#### [Description of the task]
Please repeat exactly the lines below from the line with "FLAMMEKUECHE JAMBON, CHAMPIGNONS" to the line with "Выдвижная телескопическая стойка", including both, and leave out every picture.

#### [Available data]
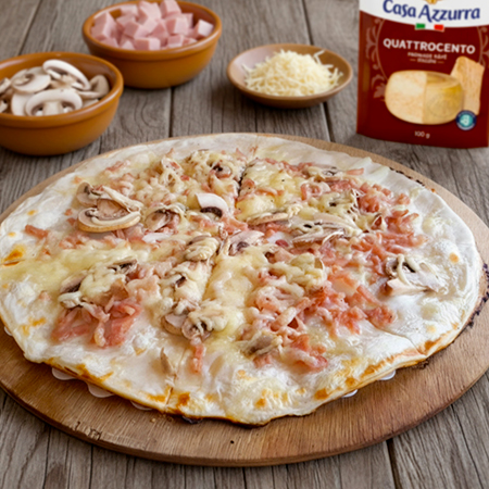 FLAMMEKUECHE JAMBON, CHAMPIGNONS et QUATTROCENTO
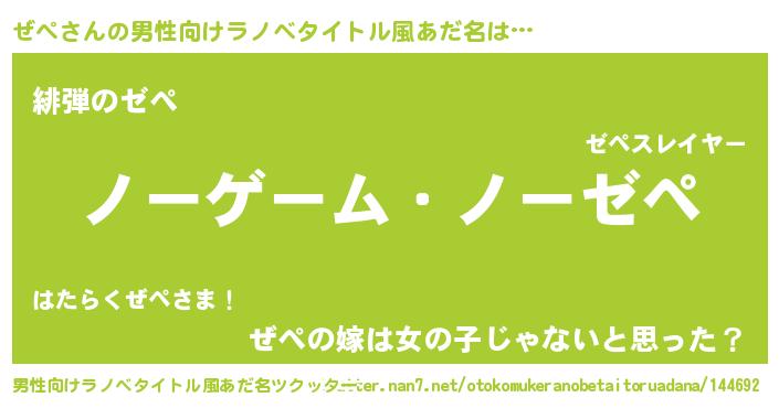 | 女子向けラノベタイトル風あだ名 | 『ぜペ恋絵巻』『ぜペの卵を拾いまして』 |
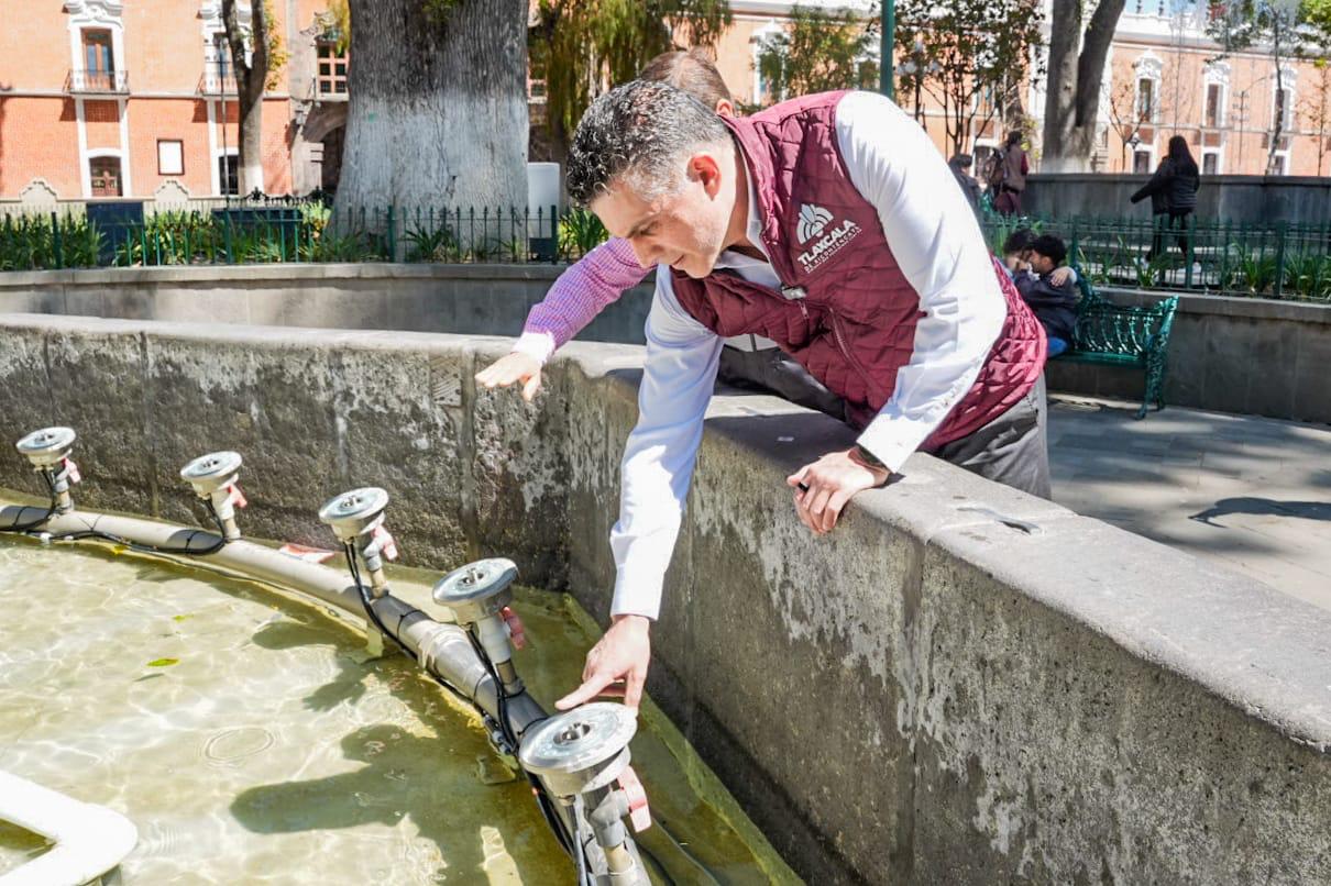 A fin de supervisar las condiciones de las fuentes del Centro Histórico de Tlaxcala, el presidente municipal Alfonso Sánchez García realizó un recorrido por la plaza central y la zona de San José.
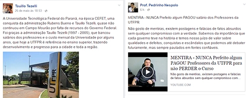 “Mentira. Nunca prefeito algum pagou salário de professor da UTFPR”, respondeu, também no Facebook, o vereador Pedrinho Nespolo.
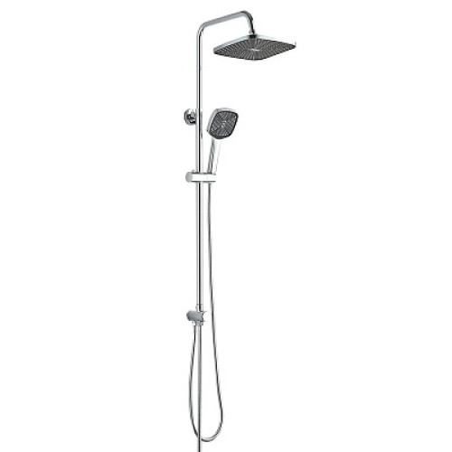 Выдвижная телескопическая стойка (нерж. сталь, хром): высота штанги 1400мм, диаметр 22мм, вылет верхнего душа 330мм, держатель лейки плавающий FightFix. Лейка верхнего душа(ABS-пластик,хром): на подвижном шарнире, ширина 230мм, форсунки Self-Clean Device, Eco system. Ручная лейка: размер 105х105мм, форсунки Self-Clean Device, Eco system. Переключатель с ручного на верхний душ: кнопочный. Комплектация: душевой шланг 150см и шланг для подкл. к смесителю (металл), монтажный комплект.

* * *

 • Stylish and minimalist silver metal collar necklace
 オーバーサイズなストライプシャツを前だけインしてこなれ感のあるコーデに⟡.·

#### [Solution to this problem]
 FLAMMEKUECHE JAMBON, CHAMPIGNONS et QUATTROCENTO
 | 女子向けラノベタイトル風あだ名 | 『ぜペ恋絵巻』『ぜペの卵を拾いまして』 |
 A fin de supervisar las condiciones de las fuentes del Centro Histórico de Tlaxcala, el presidente municipal Alfonso Sánchez García realizó un recorrido por la plaza central y la zona de San José.
 “Mentira. Nunca prefeito algum pagou salário de professor da UTFPR”, respondeu, também no Facebook, o vereador Pedrinho Nespolo.
 Выдвижная телескопическая стойка (нерж. сталь, хром): высота штанги 1400мм, диаметр 22мм, вылет верхнего душа 330мм, держатель лейки плавающий FightFix. Лейка верхнего душа(ABS-пластик,хром): на подвижном шарнире, ширина 230мм, форсунки Self-Clean Device, Eco system. Ручная лейка: размер 105х105мм, форсунки Self-Clean Device, Eco system. Переключатель с ручного на верхний душ: кнопочный. Комплектация: душевой шланг 150см и шланг для подкл. к смесителю (металл), монтажный комплект.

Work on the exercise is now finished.